Only the lines from the one containing "Ngay từ chiều" through the end of the material should be printed, exactly as they appear. Leave out pictures.

> _Provided material_:
------------------------------------------------
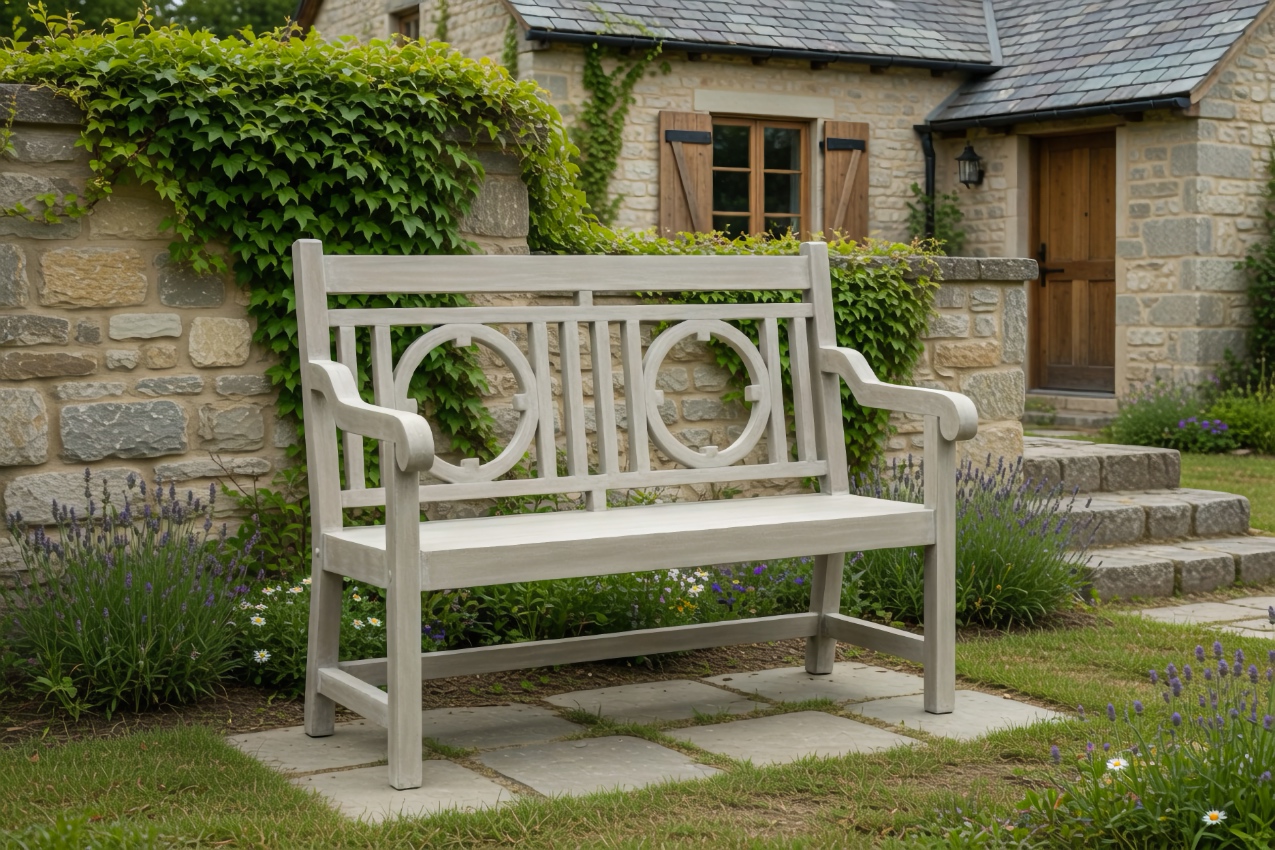 The HenFeathers Collection also offers classic beautiful English and French garden furniture designs artfully formed in the Faux Bois method. A classic English garden Loveseat/bench, the Devonshire Bench surprises all with its smoothly finished Faux Bois construction and rich patina. A substantial heirloom furniture piece for your collection. Its generous size adds to its presence.
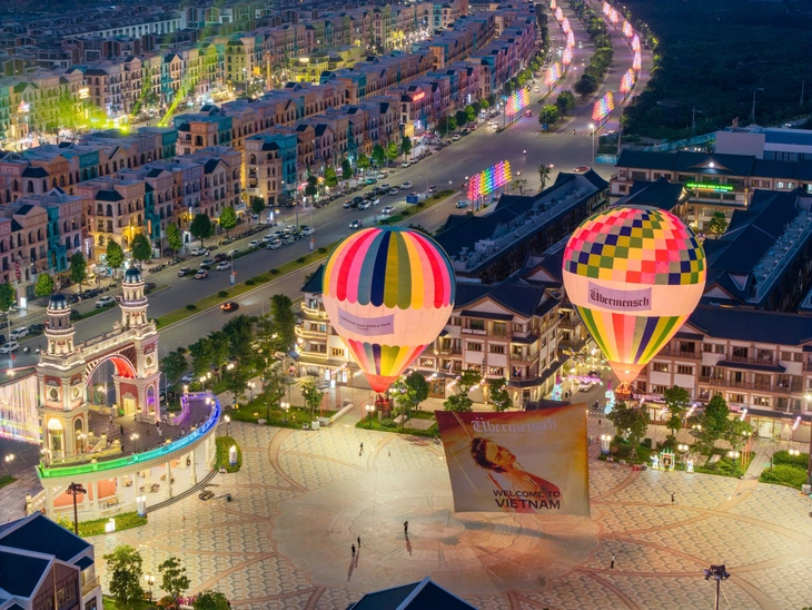 Ngay từ chiều 5-10, quảng trường K-Town (Vinhomes Ocean Park) bỗng trở thành tâm điểm khi hai chiếc khinh khí cầu rực rỡ bay lên mang theo banner "Übermensch - Welcome to Vietnam" và hình ảnh G-DRAGON nổi bật giữa trời thu.
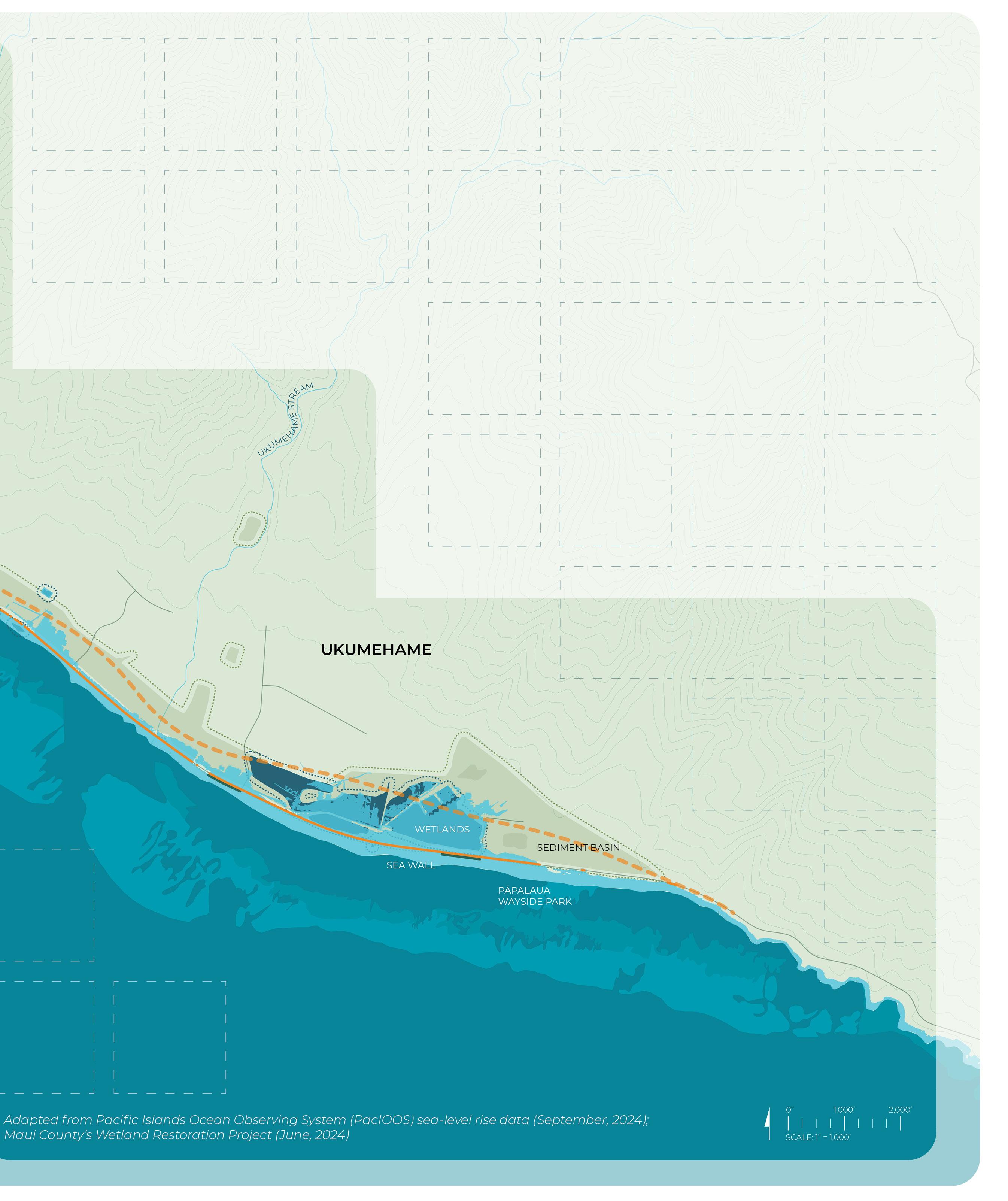 Remove sea wall west of Papalaua Wayside Park, create layered living shoreline systems, turn old highway into elevated boardwalk, and (re)establish salt marsh.
------------------------------------------------
> _Solution to this task_:
 Ngay từ chiều 5-10, quảng trường K-Town (Vinhomes Ocean Park) bỗng trở thành tâm điểm khi hai chiếc khinh khí cầu rực rỡ bay lên mang theo banner "Übermensch - Welcome to Vietnam" và hình ảnh G-DRAGON nổi bật giữa trời thu.
 Remove sea wall west of Papalaua Wayside Park, create layered living shoreline systems, turn old highway into elevated boardwalk, and (re)establish salt marsh.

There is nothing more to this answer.